Secure architectures for pairing based public key cryptography

Along with the growing demand for cryptosystems in systems ranging from large servers to mobile devices, suitable cryptogrophic protocols for use under certain constraints are becoming more and more important. Constraints such as calculation time, area, efficiency and security, must be considered by the designer. Elliptic curves, since their introduction to public key cryptography in 1985 have challenged established public key and signature generation schemes such as RSA, offering more security per bit. Amongst Elliptic curve based systems, pairing based cryptographies are thoroughly researched and can be used in many public key protocols such as identity based schemes. For hardware implementions of pairing based protocols, all components which calculate operations over Elliptic curves can be considered. Designers of the pairing algorithms must choose calculation blocks and arrange the basic operations carefully so that the implementation can meet the constraints of time and hardware resource area. This thesis deals with different hardware architectures to accelerate the pairing based cryptosystems in the field of characteristic two.

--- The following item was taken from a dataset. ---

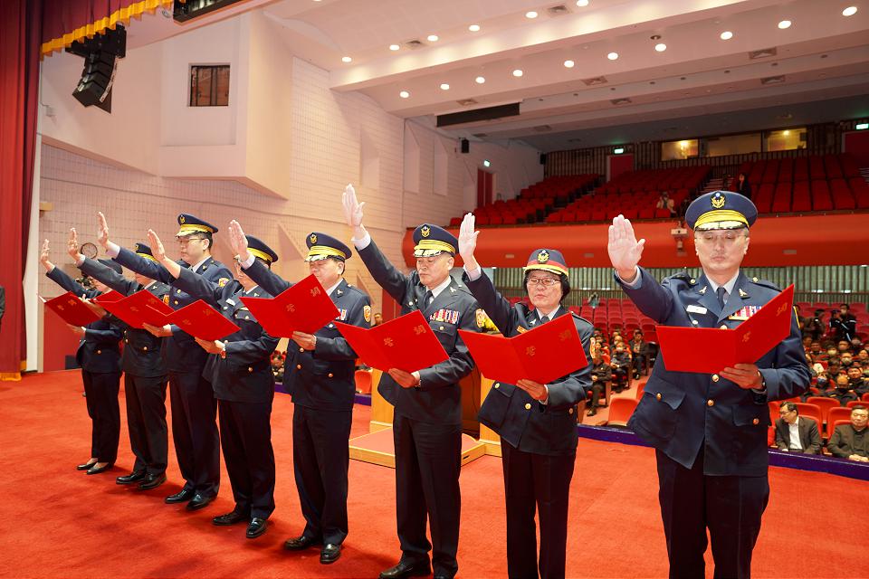 內政部警政署辦理全國警察機關重要警職人事調整作業,台北市警局17日上午9時由市長蔣萬安主持、市警局長張榮興擔任監交人,市長蔣萬安強調重點工作項目及核心價值,期望能縝密規劃勤務、主動積極執行,對治安、交通維護工作不遺餘力,讚許警察同仁全年無休地守護本市市民生命財產安全。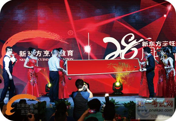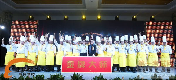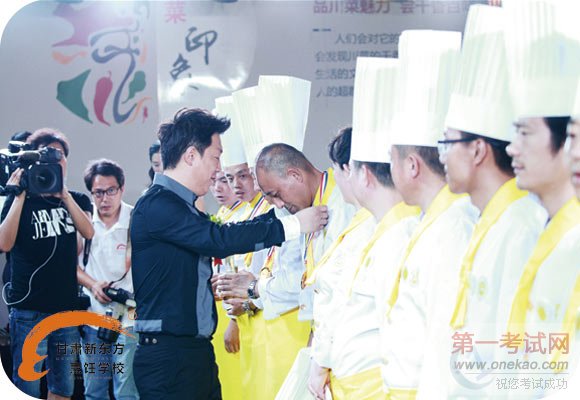 在新东方烹饪教育28周年庆典晚会中,为了这样一群“不简单”的人,设置了一个特殊的颁奖环节。由中国饭店协会副会长、新华教育集团常务副总裁许绍兵、新东方烹饪教育品牌形象大使黄渤亲自上台,揭开舞台上一块白板的红绸,用金勺,舀起金粉,缓缓撒上白板,接下来就是见证奇迹的时刻!白板上的字迹逐渐清晰,“金牌大师”四个大字显现出来。

Using different top-level architectures the hardware efficiency of operations that run at different times is first considered in this thesis. Security is another important aspect of pairing based cryptography to be considered in practically Side Channel Analysis (SCA) attacks. The naively implemented hardware accelerators for pairing based cryptographies can be vulnerable when taking the physical analysis attacks into consideration. This thesis considered the weaknesses in pairing based public key cryptography and addresses the particular calculations in the systems that are insecure. In this case, countermeasures should be applied to protect the weak link of the implementation to improve and perfect the pairing based algorithms. Some important rules that the designers must obey to improve the security of the cryptosystems are proposed. According to these rules, three countermeasures that protect the pairing based cryptosystems against SCA attacks are applied. The implementations of the countermeasures are presented and their performances are investigated.